Вечером тетя отправилась с визитом в дом траура и взяла меня с собой. Солнце уже зашло, но в стеклах окон, что выходили на запад, отражалась багряным золотом огромная гряда облаков. Нэнни встретила нас в прихожей; и, поскольку кричать, чтобы она расслышала, сейчас было неуместно, тетя просто пожала ей руку. Старушка вопросительно показала наверх и после утвердительного тетиного кивка стала взбираться впереди нас по узкой лестнице, и ее склоненная голова при этом была разве что малость выше перил.
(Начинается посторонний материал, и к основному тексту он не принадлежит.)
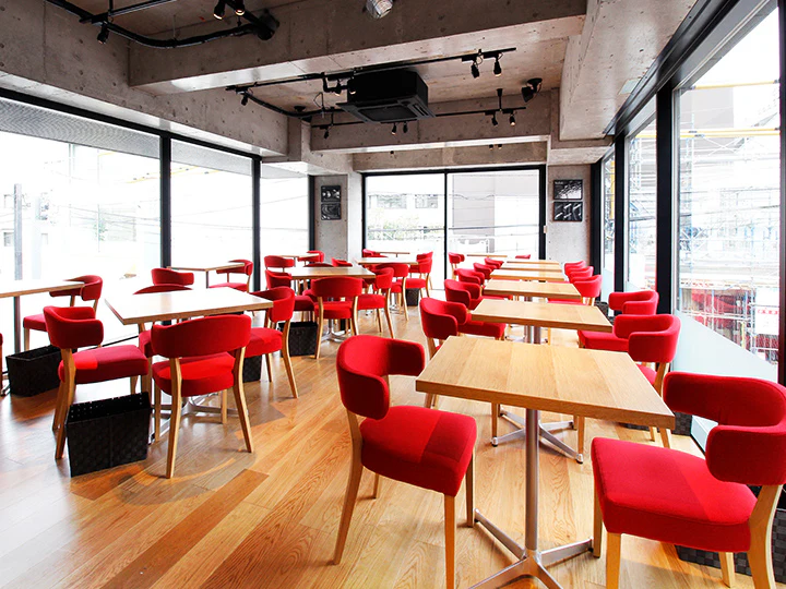 店舗2階のカフェでは、こだわりのケーキやマカロン、ドリンクを楽しめます。表参道の大通りより一本奥に入った、落ち着いた通りの中、ガラス張りで開放的な空間でのゆったりとしたカフェタイムが楽しめます。
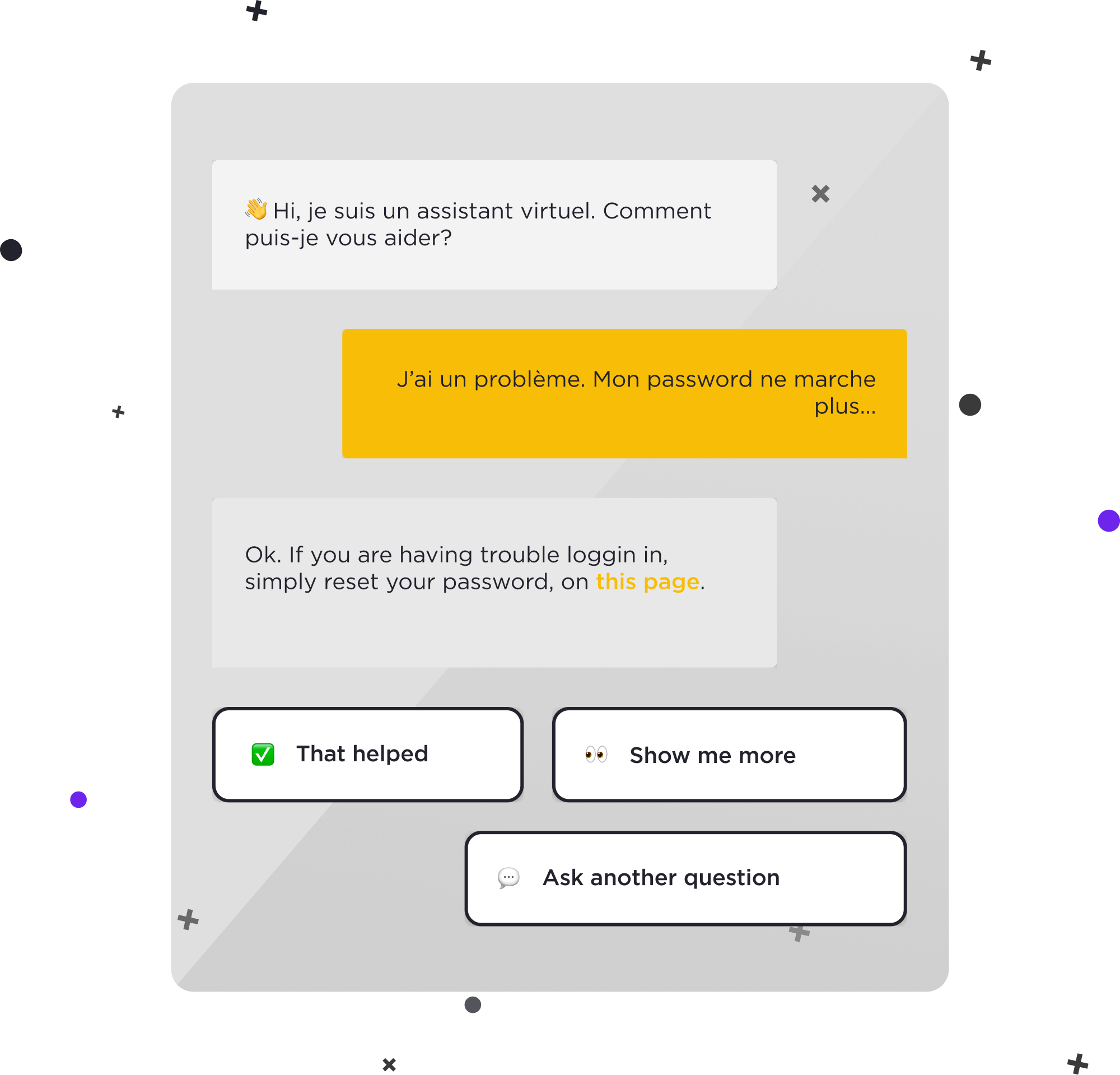 Atteignez vos clients, où qu’ils soient et dans la langue de leur choix. Notre plateforme intègre un moteur de traduction automatique ! Votre robot parlera plusieurs langues en quelques minutes, et vous pourrez à tout moment améliorer les traductions manuellement.

На первой площадке она остановилась и знаком пригласила нас войти в открытую дверь комнаты, где был покойник. Тетя вошла, и старушка, видя, что я заколебался, вновь сделала мне знак рукой.
Я вошел на цыпочках. Через нижнюю бахрому занавесок всю комнату заливал багряно-золотой свет, в котором свечки казались тонкими языками бледного пламени. Он был положен во гроб. Нэнни подала пример, и мы все трое стали на колени в ногах ложа. Я делал вид, что молюсь, однако не мог собрать мыслей, бормотание старушки отвлекало меня. Я заметил, что ее юбка очень неуклюже заколота на спине, а подошвы суконных домашних туфель совсем стоптаны, обе на один бок. Пришла нелепая мысль, что старый священник улыбается, лежа там в гробу.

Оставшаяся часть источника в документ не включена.